*Action item*. Each line below needs to be returned exactly. Skip any picture.

*Information supplied*.

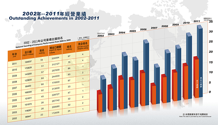 近年來,公司發(fā)展勢頭良好, 2014年公司實際出口額達到10.5億美金,排名“2014中國出口200強”第192名,其中民營企業(yè)排名第21名。公司先后獲得 “中國守合同重信用企業(yè)”、 “廣東省先進集體”、“廣東省優(yōu)秀民營企業(yè)”、“東莞市50強民營企業(yè)”,“東莞市文明單位”等稱號,公司被東莞市政府授予“東莞市50強民營服務業(yè)企業(yè)”光榮稱號,公司董事長陳海生被授予“東莞市優(yōu)秀民營企業(yè)家”光榮稱號。
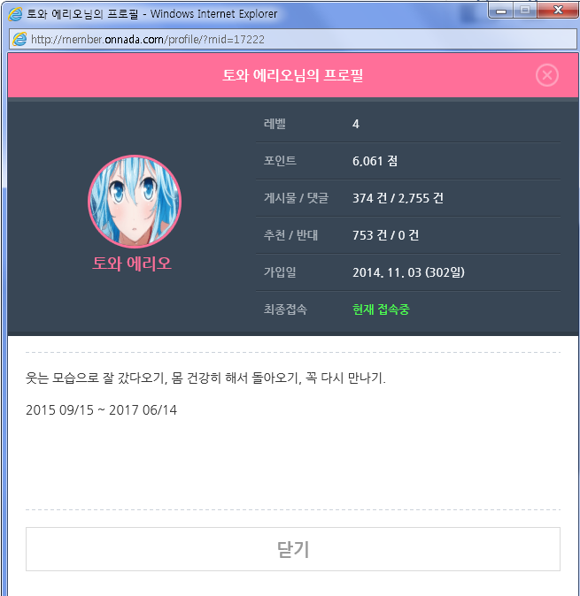 포도님.. 포도님.. 온나다 활동.. 여..열심히.. 해주셔서.. 고..고맙습..니닷!! 그..그리고 !! 하..항상.. 시..신경 써주셔서.. 고..고마워요!!
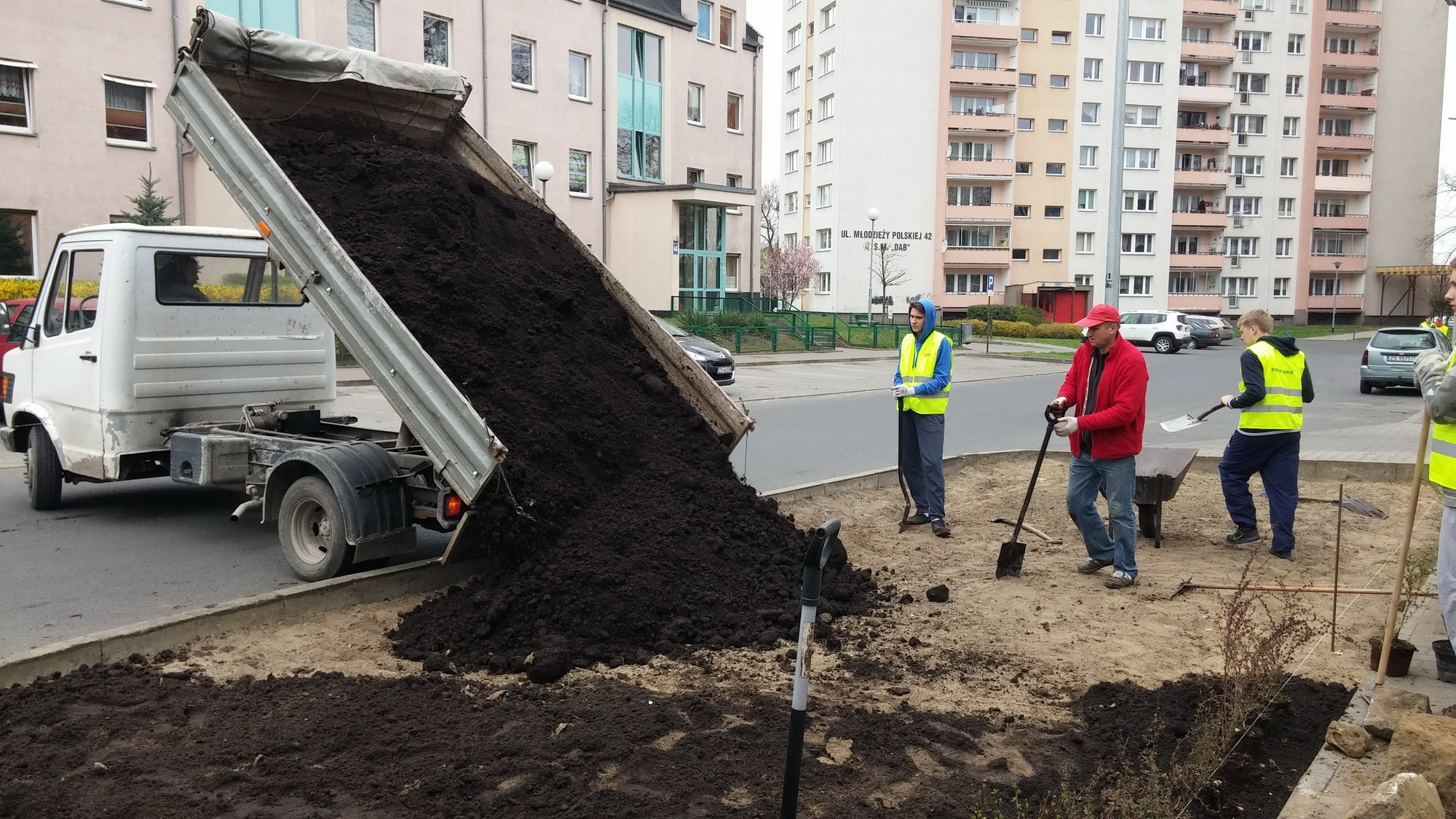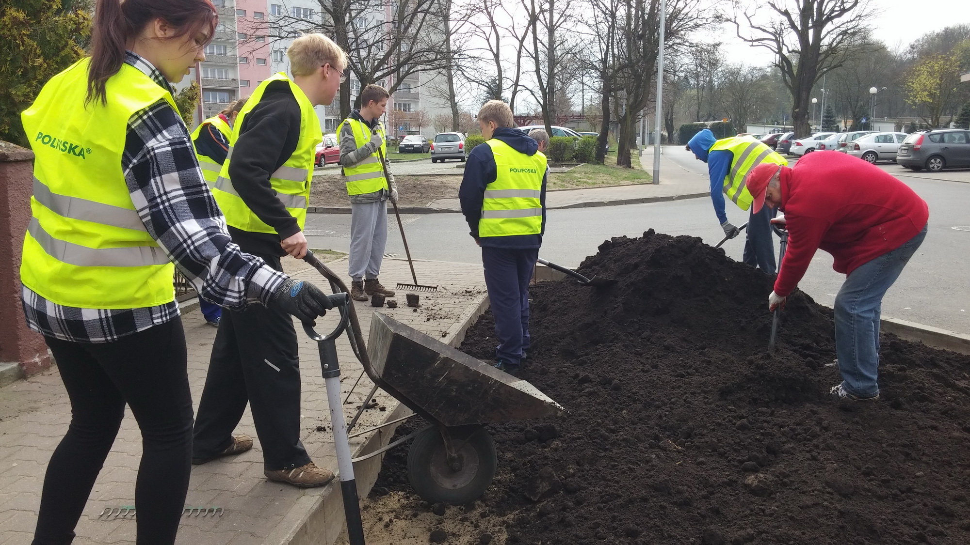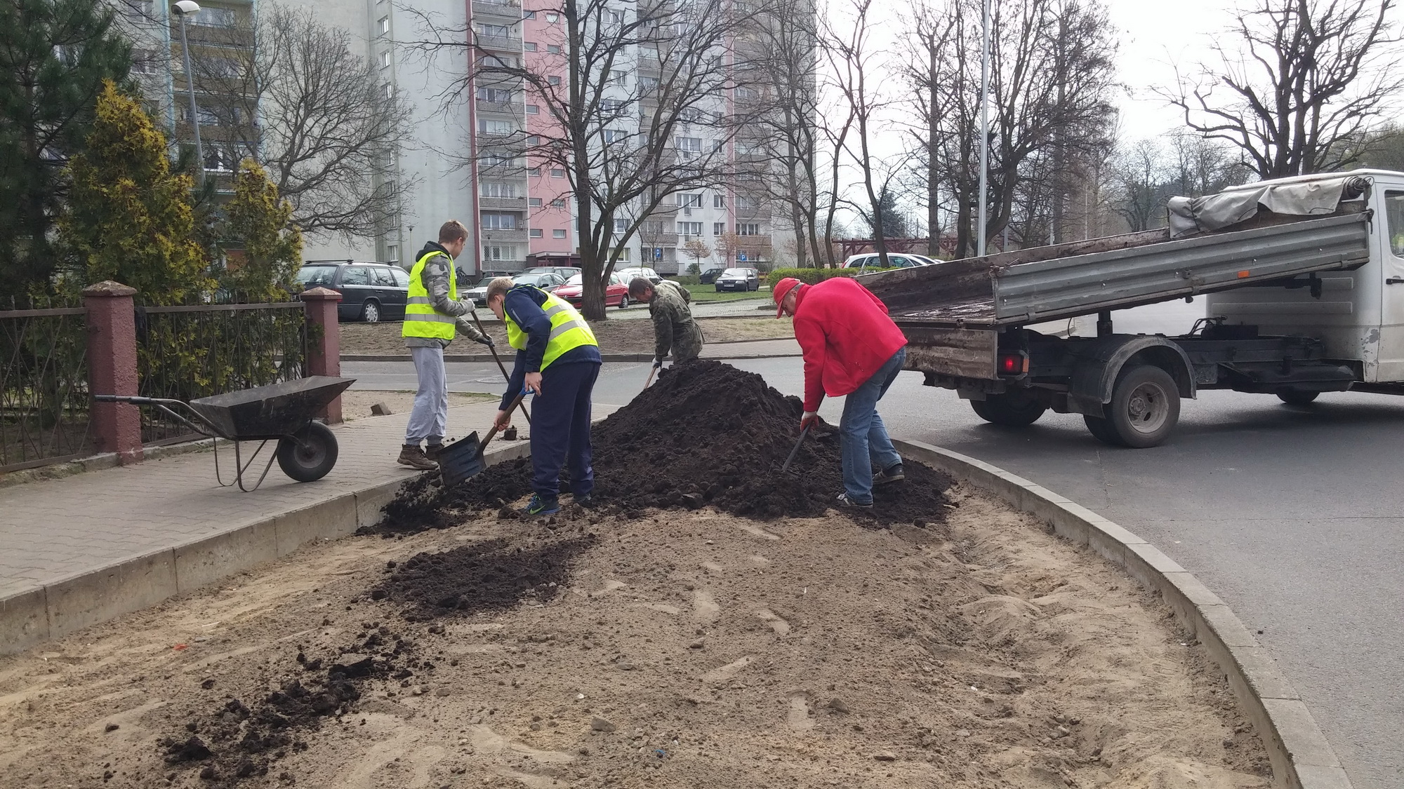 W trakcie praktycznej nauki zawodu – praktyk zawodowych i zajęć praktycznych – realizujemy różnorodne prace upiększania zieleni w naszym mieście. W czwartek 21 kwietnia 2016 roku zakończyliśmy ostatni etap prac związanych z zagospodarowaniu terenu przy Kościele pw. Świętego Ducha w Zdrojach. Prace trwały łącznie siedem dni i były realizowane – zgodnie z opracowanym przez naszych uczniów, kształcących się w zawodzie technik architektury krajobrazu – projektem technicznym zagospodarowania ww. terenu – wykonanego wczesną wiosną. W pierwszym etapie usunęliśmy z tego terenu warstwę ziemi grubości 15 cm wymieszanej z piaskiem po prowadzonych wcześniej pracach remontowo-budowlanych. W etapie drugim w nawiezionym czarnoziemie wykonaliśmy nasadzenia z berberysu Thunberga – w formie żywopłotu na obrzeżach terenu, wyłożyliśmy matę i po montażu obrzeży – ściółkowaliśmy żwirem budowlanym. W etapie trzecim realizacji prac wykonaliśmy centralnie trawnik dywanowy z darni.

*Finished exercise*.
 近年來,公司發(fā)展勢頭良好, 2014年公司實際出口額達到10.5億美金,排名“2014中國出口200強”第192名,其中民營企業(yè)排名第21名。公司先后獲得 “中國守合同重信用企業(yè)”、 “廣東省先進集體”、“廣東省優(yōu)秀民營企業(yè)”、“東莞市50強民營企業(yè)”,“東莞市文明單位”等稱號,公司被東莞市政府授予“東莞市50強民營服務業(yè)企業(yè)”光榮稱號,公司董事長陳海生被授予“東莞市優(yōu)秀民營企業(yè)家”光榮稱號。
 포도님.. 포도님.. 온나다 활동.. 여..열심히.. 해주셔서.. 고..고맙습..니닷!! 그..그리고 !! 하..항상.. 시..신경 써주셔서.. 고..고마워요!!
 W trakcie praktycznej nauki zawodu – praktyk zawodowych i zajęć praktycznych – realizujemy różnorodne prace upiększania zieleni w naszym mieście. W czwartek 21 kwietnia 2016 roku zakończyliśmy ostatni etap prac związanych z zagospodarowaniu terenu przy Kościele pw. Świętego Ducha w Zdrojach. Prace trwały łącznie siedem dni i były realizowane – zgodnie z opracowanym przez naszych uczniów, kształcących się w zawodzie technik architektury krajobrazu – projektem technicznym zagospodarowania ww. terenu – wykonanego wczesną wiosną. W pierwszym etapie usunęliśmy z tego terenu warstwę ziemi grubości 15 cm wymieszanej z piaskiem po prowadzonych wcześniej pracach remontowo-budowlanych. W etapie drugim w nawiezionym czarnoziemie wykonaliśmy nasadzenia z berberysu Thunberga – w formie żywopłotu na obrzeżach terenu, wyłożyliśmy matę i po montażu obrzeży – ściółkowaliśmy żwirem budowlanym. W etapie trzecim realizacji prac wykonaliśmy centralnie trawnik dywanowy z darni.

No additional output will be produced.